Par Luidor NONO - 19/09/2011

Quand la jeune musicienne tchadienne n’est pas dans les airs, elle en profite pour terminer l’autoproduction de son deuxième album

 

Quel est le métier qui a précédé l’autre? Hôtesse de l’air ou artiste?
C’est vrai que j’ai profité du salaire d’hôtesse de l’air pour me produire toute seule

Être artiste féminine au Tchad, à quoi ça ressemble?
En 2011, ça ressemble déjà à quelque chose comme dans tout autre pays. Or en 2005, quand je sortais mon 1er album, j’étais la première femme tchadienne à avoir un album sur le marché. Ce n’était pas du tout facile et en plus de cela, je m’étais rasée la tête sur la pochette parce que je me disais, il ne fallait pas que je ressemble à quelqu’un d’autre, il fallait que je ressemble à moi-même. Comme vous le savez, ici on est dominé par une religion et une femme qui chante ça fait de la prostitution et une femme qui se rase la tête, c’est une ratée. J’étais traitée de tout, je recevais des menaces, même par sms avec des numéros masqués et non masqués, j’étais vraiment exposée. Mais avec le temps, comme les médias ont su faire leur travail, on me diffusait à longueur de journées sur les ondes des radios et les gens cherchaient à savoir ce que je disais exactement dans mes chansons. Mes thèmes emportaient de plus en plus de gens et tous ceux qui me créaient des problèmes sont devenus mes «fans».

 


© journaldutchad.com
Audrey Linda Shey
Ce qu’on vous reprochait, c’était un problème d’esthétique ou le sens des paroles de vos chansons?
Non, on a fini par apprécier les paroles de mes chansons. Ce qu’on me reprochait c’est qu’une femme ne doit pas rester sur le podium en face des hommes, se sentir libre et donner des conseils. Deuxièmement, que mes cheveux soient rasés. Une femme de chez moi doit garder ses cheveux.

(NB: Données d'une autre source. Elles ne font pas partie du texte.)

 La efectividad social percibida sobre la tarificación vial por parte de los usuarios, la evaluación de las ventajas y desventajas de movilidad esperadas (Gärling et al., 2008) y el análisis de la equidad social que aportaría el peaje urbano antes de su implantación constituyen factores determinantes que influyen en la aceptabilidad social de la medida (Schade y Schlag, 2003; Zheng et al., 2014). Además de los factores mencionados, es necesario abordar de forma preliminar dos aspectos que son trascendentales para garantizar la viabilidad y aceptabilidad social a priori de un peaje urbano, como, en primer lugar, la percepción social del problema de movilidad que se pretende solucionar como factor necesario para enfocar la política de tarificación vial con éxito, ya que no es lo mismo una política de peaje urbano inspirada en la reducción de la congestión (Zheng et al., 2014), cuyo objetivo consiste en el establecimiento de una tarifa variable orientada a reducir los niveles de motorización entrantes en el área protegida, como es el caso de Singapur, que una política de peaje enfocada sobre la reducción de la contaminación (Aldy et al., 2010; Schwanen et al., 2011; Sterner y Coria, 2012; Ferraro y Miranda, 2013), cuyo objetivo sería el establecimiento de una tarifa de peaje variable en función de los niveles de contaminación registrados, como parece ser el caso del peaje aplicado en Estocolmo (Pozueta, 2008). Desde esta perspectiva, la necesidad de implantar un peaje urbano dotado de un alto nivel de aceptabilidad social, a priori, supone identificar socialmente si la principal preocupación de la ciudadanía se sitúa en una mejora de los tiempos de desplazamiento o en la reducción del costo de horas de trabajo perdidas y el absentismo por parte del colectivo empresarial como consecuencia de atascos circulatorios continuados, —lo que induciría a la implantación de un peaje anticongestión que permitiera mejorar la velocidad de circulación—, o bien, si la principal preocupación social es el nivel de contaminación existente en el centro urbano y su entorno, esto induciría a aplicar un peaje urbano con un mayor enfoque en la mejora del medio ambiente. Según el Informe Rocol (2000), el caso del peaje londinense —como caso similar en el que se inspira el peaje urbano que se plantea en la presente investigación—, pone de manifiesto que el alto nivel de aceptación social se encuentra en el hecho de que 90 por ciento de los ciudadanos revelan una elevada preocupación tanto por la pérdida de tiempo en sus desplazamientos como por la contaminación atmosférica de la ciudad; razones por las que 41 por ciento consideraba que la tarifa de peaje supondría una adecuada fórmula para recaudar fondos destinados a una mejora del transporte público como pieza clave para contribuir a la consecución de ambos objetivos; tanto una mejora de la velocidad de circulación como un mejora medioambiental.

Quand vos détracteurs vont à l’étranger et qu’ils trouvent d’autres femmes qui chantent, qu’est-ce qu’ils disent?
L’étranger c’est autre chose. Ils disent qu’ici c’est le Tchad, on n’est pas par exemple au Cameroun ou en Côte d’Ivoire, c’est pour dire que le Tchad c’est autre chose.

Est-ce que ça veut dire que vous ne vous produisez pas à l’étranger?
Si, on se produit à l’étranger mais, même en vivant et en se produisant à l’étranger. Ils veulent nous voir par exemple à la télé avec les cheveux attachés.

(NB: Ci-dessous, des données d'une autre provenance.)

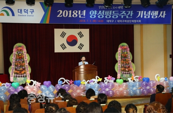 대전 대덕구(구청장 박정현)가 3일 대덕구평생학습센터 대강당에서 양성평등주간(7.1.~7.7.)을 맞이해 대덕구여성단체협의회(회장 이영신) 주관으로 ‘양성평등 선도 도시 「대덕」’이라는 주제를 가지고 양성평등주간 기념행사를 개최했다.

Pour ceux qui n’ont jamais entendu la musique d’Audrey Linda Shey, votre univers musical c’est quoi?
Je ne peux pas trop donner de l’étiquette à ce que je fais. Je préfère me sentir libre dans ce que je veux faire. Quand je prends un thème, il faut que je cherche à savoir comment transmettre ce message. Dans mes productions, il y a des rythmes, le reggae, le rap, le r&b, techno. Quand je me sens libre en faisant ce que certains appellent techno, je me mets là dedans et si je me rends compte que le message passe plutôt bien avec ce qu’on appelle rap, je le fais… Avec ces prestation je suis me suis retrouvé à «couleurs tropicales», dans «Plein sud» et dans plusieurs autres radios au Cameroun et même sur la chaîne de télévision tchadienne qui est maintenant satellitaire.

Le virus de la musique vous a piqué à quel moment?
Déjà mon papa était un prince. Il était entouré des griots et comme il était le seul garçon de son papa, il savait faire tout ce que les griots faisaient. Il a épousé ma maman au village et quand ils sont arrivés à Ndjamena, ils m’ont mis au monde et il me berçait avec ce que les griots faisaient. En grandissant, tout le monde a réalisé que mon père avait plus de penchant pour moi que pour les autres. Il m’aimait beaucoup, ce qui créait de temps en temps de petites jalousies dans la famille. J’ai beaucoup été bercé par mon papa et par la suite, toute la famille venait à l’église et j’aimais bien la chorale. J’ai commencé à être animatrice dans la chorale des enfants à la paroisse du Sacré Chœur à 9 ans. C’est depuis lors que je suis dans la musique.

 


© facebook
Audrey Linda Shey, la musicienne
Et pour devenir hôtesse de l’air?
Quand j’étais à l’école primaire, il y avait un cahier d’amitié qui passait de mains en mains et chacun en classe écrivait ce qu’il voulait. Dans ma page à moi, j’avais écris que je voulais être hôtesse de l’air et ça, c’est depuis la classe du CM2. Quand mes amis ont pris le cahier et ont vu que j’avais écris hôtesse de l’air, ils se sont marrés de moi. Je leur ai demandé pourquoi? Ils ont dit, Hôtesse de l’air, il fallait avoir au moins 1m 80, il fallait avoir de longs cheveux, il fallait avoir un teint clair, … toute chose qui concourait à briser mon rêve. Quand je suis arrivée en Terminale, j’ai écouté un communiqué à la radio. J’ai déposé mon dossier puis j’ai été retenue. Je suis allée en formation en Hollande…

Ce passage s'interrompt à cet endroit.